Circuit? Layout?
Mind that you may see dead time disappear at high duty%, because it all kind of mashes together. Example (from a TL598 and transformer):
The GDT + load is a lowpass filter, L = leakage inductance, R = ESR, C = Cg(eff), which rolls off the corners of the waveform, and hopefully nothing more than that. Trifilar helps a lot (it makes the leakage quite predictable), but it doesn't minimize it -- this is okay for smaller applications, but you may find you need a much lower impedance, to drive heavy gates fast enough (or to reduce switching time to raise efficiency), in which case you need to use multiple trifilar windings in parallel.

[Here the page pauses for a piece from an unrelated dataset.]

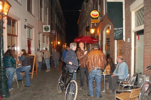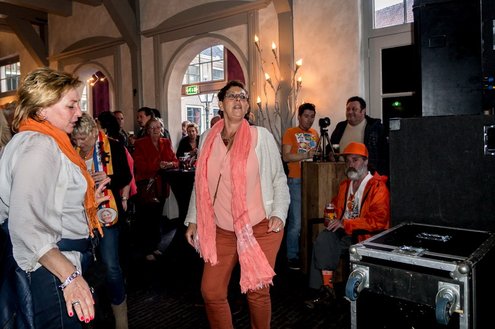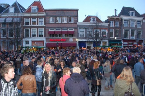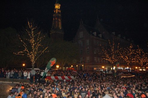 Gisteravond barstte de laatste Koninginnenacht los; volgend jaar Koningsnacht? Behalve langs en rondom de Nieuwe Rijn was het niet zo druk in de stad. De pontons stroomden al snel vol vanwege het optreden van ‘Out of Control’ op de Koornbeursbrug. Ook het Stadhuisplein en het ‘Trouwstraatje’ waren afgeladen met feestgangers en muziek. In allerlei Leidse kroegen traden bandjes op. Koetshuis de Burcht vierde tevens een verbouwingsfeestje met optredens van onder andere Danny Plezier, Jose,The Shoes en Naomi. Emile van Aelst en J.P. Kranenburg maakten voor Sleutelstad een fotoreportage.

(What you're ultimately doing: this type of construction is called a transmission line transformer. The impedance of the transmission line used, corresponds to the impedance where the transformer has its maximum bandwidth -- that is, its high frequency limit, corresponding to the electrical length of the winding. If the wire length is about a meter, expect on the order of 50MHz cutoff, at the characteristic impedance of the line. The impedance of trifilar is probably around 100 ohms. If used at different impedances -- gate drives are usually quite a bit lower, maybe 50-10 ohms -- then the high frequency limit is that many times lower, and that's where the filtering comes from. You can get the bandwidth back by wiring transmission lines in parallel. Which does necessarily increase the isolation capacitance in the transformer, which is actually good in one (limited) sense, but, generally worse overall. Note that, whatever way you build the transmission lines, they all need the same number of turns around a core, which can be a common core, so you get the same magnetizing inductance (and LF cutoff) as you have now.)